Biomimetic synthesis of silver nanoparticles from Streptomyces atrovirens and their potential anticancer activity against human breast cancer cells

Ramasamy Subbaiya 1, Muthupandian Saravanan 2,3,, Andavar Raja Priya 4, Konathala Ravi Shankar 2, Masilamani Selvam 5, Muhammad Ovais 6, Ramachandran Balajee 7, Hamed Barabadi 8
PMCID: PMC8676022  PMID: 29155396

Abstract

Silver nanoparticles (AgNPs) have been undeniable for its antimicrobial activity while its antitumour potential is still limited. Therefore, the present study focused on determining cytotoxic effects of AgNPs on Michigan cancer foundation‐7 (MCF‐7) breast cancer cells and its corresponding mechanism of cell death. Herein, the authors developed a bio‐reduction method for AgNPs synthesis using actinomycetes isolated from marine soil sample.
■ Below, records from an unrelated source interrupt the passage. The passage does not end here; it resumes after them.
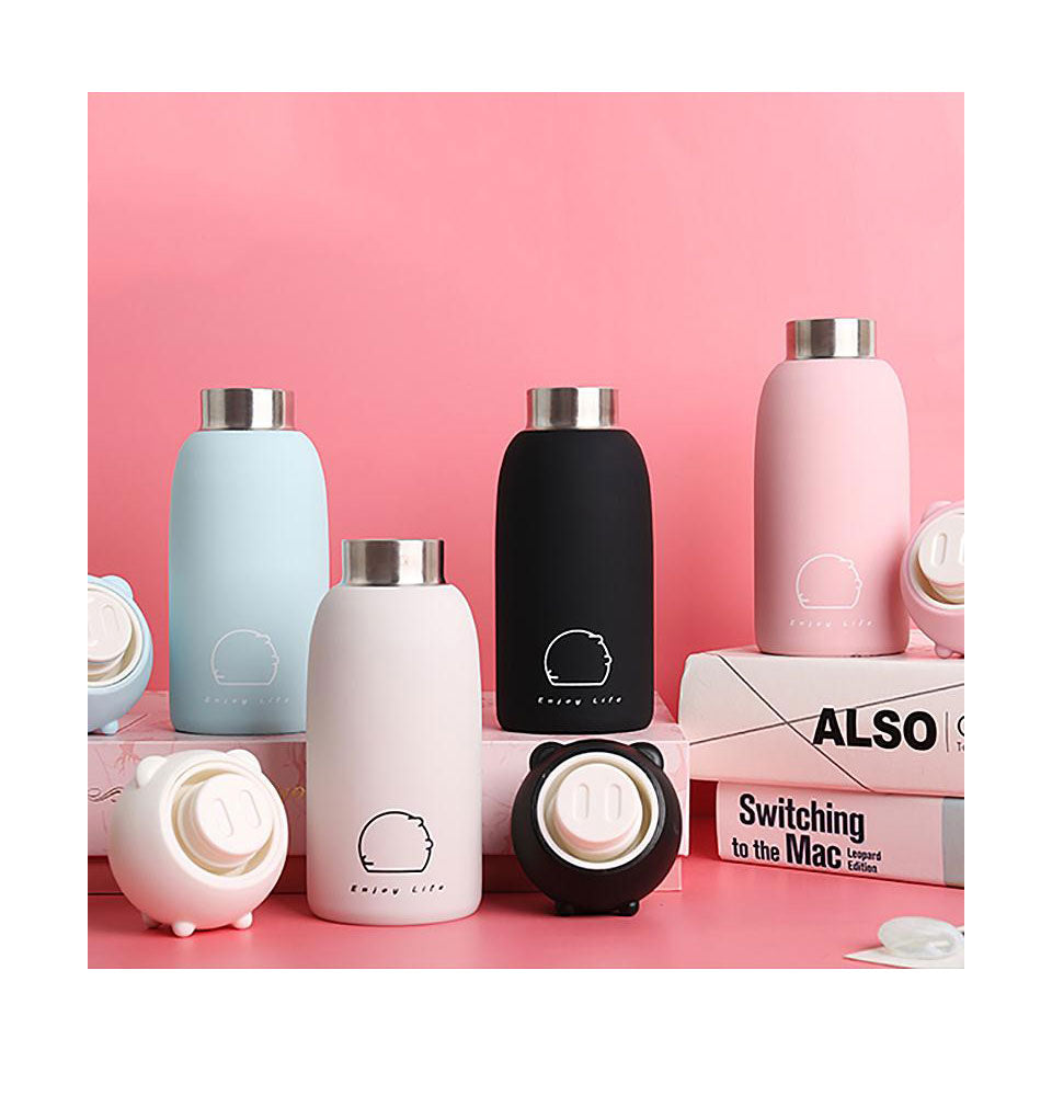 Made of stainless steel and food grade PP silicone materials, more durable and resistant than plastic, glass bottle. The lovely Pig shape cartoon design, white dots on the bottle, vigorous candy colors, a perfect gift for boys, girls or ladies.Thickened cup bottom, special design, more durable and long lasting in use. Well matte coated paint, smooth and shiny feel. Comfortable to hold in hands and convenient to put in the bag with its compact size, suitable for home use. Stainless steel interior, easy to clean and leaves no unwanted odor to your drink; Screw-on silicone cap, convenient to open and leak-proof, it has a watertight seal for the water bottle, works perfect for traveling, shopping, walking, school or office.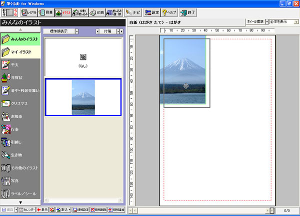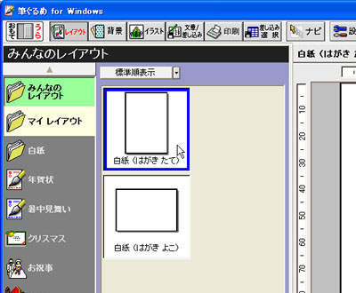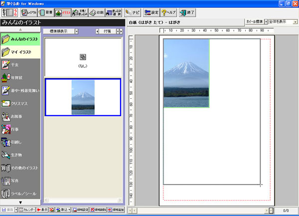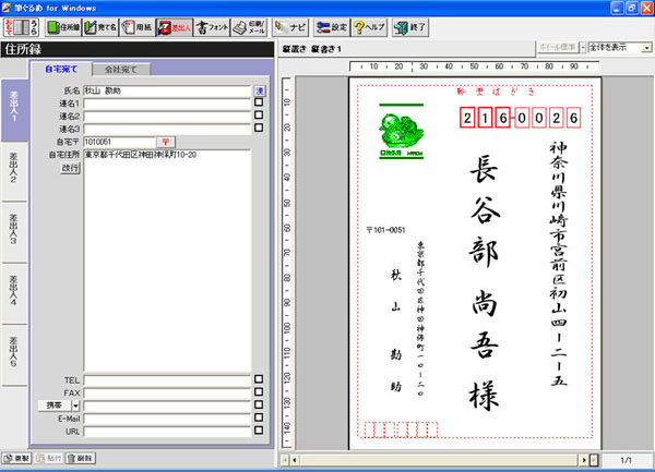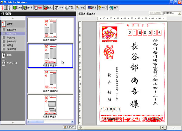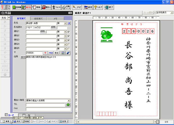 メインツールバーの[おもて うら]ボタンをクリックし、うら(文面)に切り替えます。 | ||||||||||||||||||||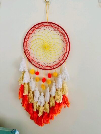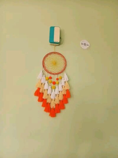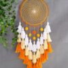 M/S Rakhi Handicraft 8-Inch Handmade Tassel Dream Catcher Wall Decoration – 35.5cm x 71cm (14" x 28") – Orange & White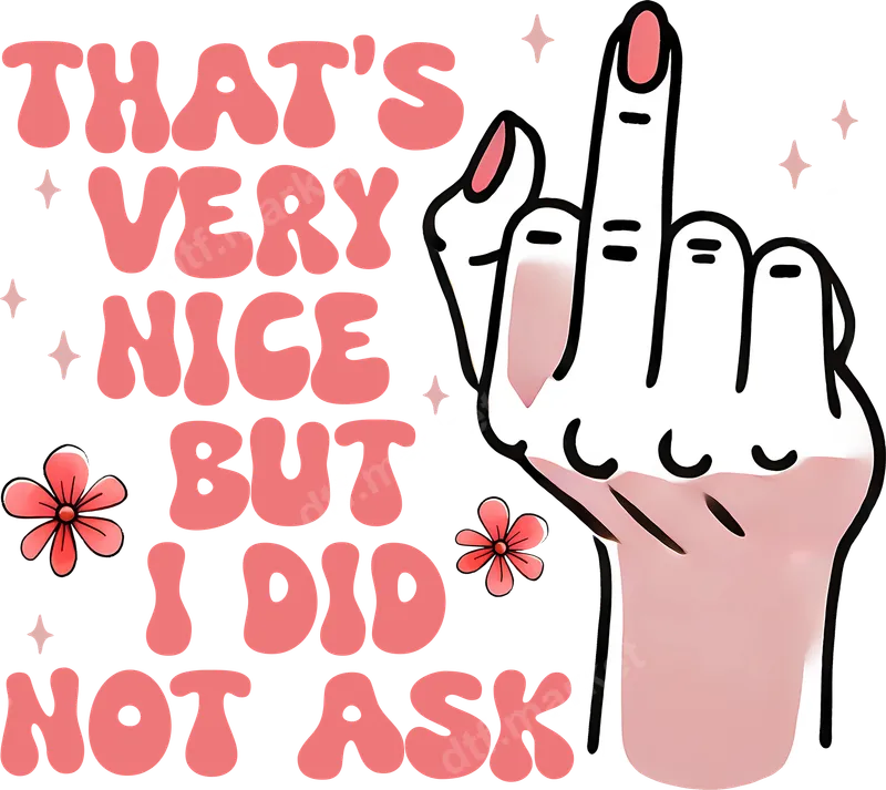 See allUnleash your inner sass with this eye-catching "That's Very Nice But I Did Not Ask" DTF transfer. Featuring a stylized hand giving the middle finger alongside the iconic phrase in a groovy, retro pink font, this design is the ultimate statement piece. It's a vibrant, ready to press DTF transfer that captures a playful yet unapologetic attitude, adorned with subtle stars and flowers for a touch of charm. This heat transfer is perfect for those with a bold sense of humor, anyone who appreciates sarcastic wit, or friends looking for a unique gag gift. Ideal for Gen Z, young adults, or anyone wanting to make a clear statement without saying a word. Elevate your everyday wardrobe or create custom apparel for social gatherings, birthdays, or just because you feel like it. Applying this durable heat press transfer is simple and efficient. It works beautifully on a wide variety of materials, including cotton, polyester, and blends. For best results, use a heat press at 300-325°F for 15 seconds with medium pressure, then peel cold. You can also achieve great results with a household iron, making it accessible for everyone. Best of all, there’s absolutely no weeding required, saving you time and effort. Crafted with professional-grade DTF film, this iron on transfer offers exceptional quality. The colors are incredibly vibrant and remain crack-resistant even after multiple washes, ensuring your design looks fresh for longer. The transfer feels soft to the touch, seamlessly integrating into your garment, and boasts a strong adhesive for lasting wear. This t-shirt transfer is designed for a professional finish every time.

The isolated strain was identified by 16s ribotyping method and it was found to be Streptomyces atrovirens. Furthermore, the synthesised AgNPs were characterised by various bio‐analytical techniques such as ultraviolet–visible spectrophotometer, atomic force microscopy, transmission electron microscopy, Fourier transform infra‐red spectroscopy, and X‐ray diffraction. Moreover, the results of 3‐(4,5‐dimethylthiazol‐2‐yl)‐2,5‐diphenyltetrazolium bromide assay reveals 44.51 µg of AgNPs to have profound inhibition of cancer cell growth; furthermore, the inhibition of MCF‐7 breast cancer cell line was found to be dose dependent on treatment with AgNPs. Acridine orange and ethidium bromide double staining methods were performed for cell morphological analysis. The present results showed that biosynthesised AgNPs might be emerging alternative biomaterials for human breast cancer therapy.

Inspec keywords: silver, nanoparticles, nanomedicine, antibacterial activity, biomedical materials, tumours, cancer, toxicology, nanofabrication, microorganisms, reduction (chemical), ultraviolet spectra, visible spectra, atomic force microscopy, transmission electron microscopy, Fourier transform infrared spectra, X‐ray diffraction, biomimetics

Other keywords: acridine orange; ethidium bromide double staining methods; cell morphological analysis; alternative biomaterials; human breast cancer therapy; time 16 s; Ag; dose dependence; MCF‐7 breast cancer cell line inhibition; cancer cell growth inhibition; 3‐(4,5‐dimethylthiazol‐2‐yl)‐2,5‐diphenyltetrazolium bromide assay; X‐ray diffraction; Fourier transform infrared spectroscopy; transmission electron microscopy; atomic force microscopy; ultraviolet‐visible spectrophotometer; bioanalytical techniques; ribotyping method; isolated strain; marine soil sample; bioreduction method; cell death; Michigan cancer foundation‐7 breast cancer cells; cytotoxic effects; antitumour potential; antimicrobial activity; human breast cancer cells; potential anticancer activity; Streptomyces atrovirens; silver nanoparticles; biomimetic synthesis

1 Introduction

Nano‐biotechnology has emerged due to integration of biotechnology with nanoscience for developing biosynthetic and environmental‐friendly technology for synthesis of nanomaterials and with diverse applications [1, 2]. Silver nanoparticles (AgNPs) synthesised using physical, chemical and biological methods are well known [3, 4, 5, 6, 7]. However, in the recent times, the green pathways are in huge demand with a vision of minimising energy consumption and use of toxic chemicals benefitting environment. Therefore, there is a need to develop eco‐friendly, bio‐safe processes for the synthesis of NPs [8, 9, 10, 11]. Biological approaches have been establishing by using plants and microorganisms such as bacteria, actinobacteria, moulds, yeast and algae, which suggested as valuable alternatives for chemical and physical methods. Recent reports mentioned that the actinobacteria isolated from different ecosystems were recognised as potential synthesisers of gold and AgNPs. The biosynthesis of NPs has also been reported from actinomycetes such as Thermomonospora sp., Rhodococcus sp. and Streptomyces sp. [12]. Ag can exist in several oxidation states, though it is commonly encountered in its elemental AgO and monovalent Ag+1 forms. Currently, AgO NPs are being used in antibacterial/antifungal agents in pharma and health sectors. It was widely used in biotechnology, textile engineering, water treatment and cosmetics. Nevertheless, there are reports on several bacterial strains, which are resistant to Ag, may accumulate it at their cell walls. AgNPs with various sizes and shapes could be synthesised by controlling its environment and the physicochemical parameters [13].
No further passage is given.